After 4,623 orbits, astronaut Peggy Whitson to return to Earth with new records
When she lands on Sunday morning, she would have spent a total 665 days in space, the longest by any American.
Astronaut Peggy Whitson, who holds the record for most spacewalks by a woman, is set to leave the International Space Station and return to Earth after completing a 228-day mission. She is also the first woman to command the International Space Station twice.
Whitson and the rest of her Expedition 52 crew, Flight Engineer Jack Fischer of Nasa and Commander Fyodor Yurchikhin of Russian space agency Roscosmos, are expected to land in Kazakhstan at 7.22 am on Sunday, according to a statement released by the National Aeronautics and Space Administration on Friday.
The mission, which began in November 2016 and has spanned 4,623 orbits of Earth, is Whitson’s third long duration stint on the International Space Station. With this mission, she has spent a total 665 days in space, the longest by any American. This also places her eighth on the all-time endurance list, the agency said.
Whitson said she’s craving pizza and flush toilets. “Trust me, you don’t want to know the details,” she told AP in an email.

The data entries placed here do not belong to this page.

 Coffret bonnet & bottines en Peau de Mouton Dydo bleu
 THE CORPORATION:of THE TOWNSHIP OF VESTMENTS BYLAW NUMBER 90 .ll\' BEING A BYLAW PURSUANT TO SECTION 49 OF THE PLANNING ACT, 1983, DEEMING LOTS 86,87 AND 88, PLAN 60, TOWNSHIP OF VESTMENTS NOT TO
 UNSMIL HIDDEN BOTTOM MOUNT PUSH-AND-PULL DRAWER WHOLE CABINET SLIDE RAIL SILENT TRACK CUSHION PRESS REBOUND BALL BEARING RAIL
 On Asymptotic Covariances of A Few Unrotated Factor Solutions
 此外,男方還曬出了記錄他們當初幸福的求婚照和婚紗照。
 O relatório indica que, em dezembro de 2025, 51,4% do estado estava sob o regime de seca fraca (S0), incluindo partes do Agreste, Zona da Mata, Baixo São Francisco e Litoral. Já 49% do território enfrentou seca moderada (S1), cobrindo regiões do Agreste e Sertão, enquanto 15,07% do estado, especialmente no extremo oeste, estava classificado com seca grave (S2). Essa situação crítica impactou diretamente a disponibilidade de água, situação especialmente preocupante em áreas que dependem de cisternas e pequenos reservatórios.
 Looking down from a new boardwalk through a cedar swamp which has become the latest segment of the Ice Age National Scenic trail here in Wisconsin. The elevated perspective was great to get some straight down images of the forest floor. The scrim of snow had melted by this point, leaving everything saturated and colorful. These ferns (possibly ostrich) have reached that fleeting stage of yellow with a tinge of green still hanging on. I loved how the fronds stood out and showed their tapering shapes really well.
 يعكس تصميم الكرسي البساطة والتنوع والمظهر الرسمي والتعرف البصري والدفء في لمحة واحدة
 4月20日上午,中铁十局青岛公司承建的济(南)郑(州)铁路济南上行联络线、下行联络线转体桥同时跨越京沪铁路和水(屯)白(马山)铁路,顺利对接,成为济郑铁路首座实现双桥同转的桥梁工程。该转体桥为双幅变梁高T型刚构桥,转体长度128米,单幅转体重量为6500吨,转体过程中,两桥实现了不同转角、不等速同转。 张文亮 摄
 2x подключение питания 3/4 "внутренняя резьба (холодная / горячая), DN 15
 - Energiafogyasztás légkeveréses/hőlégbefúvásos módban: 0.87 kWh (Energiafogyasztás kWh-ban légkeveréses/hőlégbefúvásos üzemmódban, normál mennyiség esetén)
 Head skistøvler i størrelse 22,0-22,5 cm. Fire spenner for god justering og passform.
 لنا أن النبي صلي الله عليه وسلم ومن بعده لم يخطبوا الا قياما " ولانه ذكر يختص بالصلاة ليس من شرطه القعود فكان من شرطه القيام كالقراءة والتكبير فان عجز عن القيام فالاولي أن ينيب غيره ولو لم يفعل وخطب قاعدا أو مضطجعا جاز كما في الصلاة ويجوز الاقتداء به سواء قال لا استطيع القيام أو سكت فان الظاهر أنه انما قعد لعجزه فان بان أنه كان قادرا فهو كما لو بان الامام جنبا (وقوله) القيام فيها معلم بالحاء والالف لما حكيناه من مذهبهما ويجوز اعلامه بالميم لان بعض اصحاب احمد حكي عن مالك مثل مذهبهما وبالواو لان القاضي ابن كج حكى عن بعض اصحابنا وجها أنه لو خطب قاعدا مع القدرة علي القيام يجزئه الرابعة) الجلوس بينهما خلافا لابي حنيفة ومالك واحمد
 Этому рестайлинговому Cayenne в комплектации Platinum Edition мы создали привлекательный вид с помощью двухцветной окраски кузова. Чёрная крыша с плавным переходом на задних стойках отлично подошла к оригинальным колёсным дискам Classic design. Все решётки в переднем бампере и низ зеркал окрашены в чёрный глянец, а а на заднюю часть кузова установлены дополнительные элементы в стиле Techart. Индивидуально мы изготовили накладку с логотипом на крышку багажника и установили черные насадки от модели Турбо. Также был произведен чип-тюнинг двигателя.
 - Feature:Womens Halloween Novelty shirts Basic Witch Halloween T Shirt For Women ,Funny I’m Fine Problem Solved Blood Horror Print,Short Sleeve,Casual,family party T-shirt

When asked what she would miss the most about space, she said it would be the “freedom of floating and moving with the lightest of touch”, especially during the first few days after the return.
Yurchikhin and Fischer will complete 136 days in space as they only launched in April. Yurchikhin will now have a total of 673 days in space on five missions, ranking him in the seventh place on the all-time endurance list.
The Expedition 52 crew pursued “hundreds of experiments in biology, biotechnology, physical science and Earth science aboard humanity’s only orbiting laboratory,” Nasa said.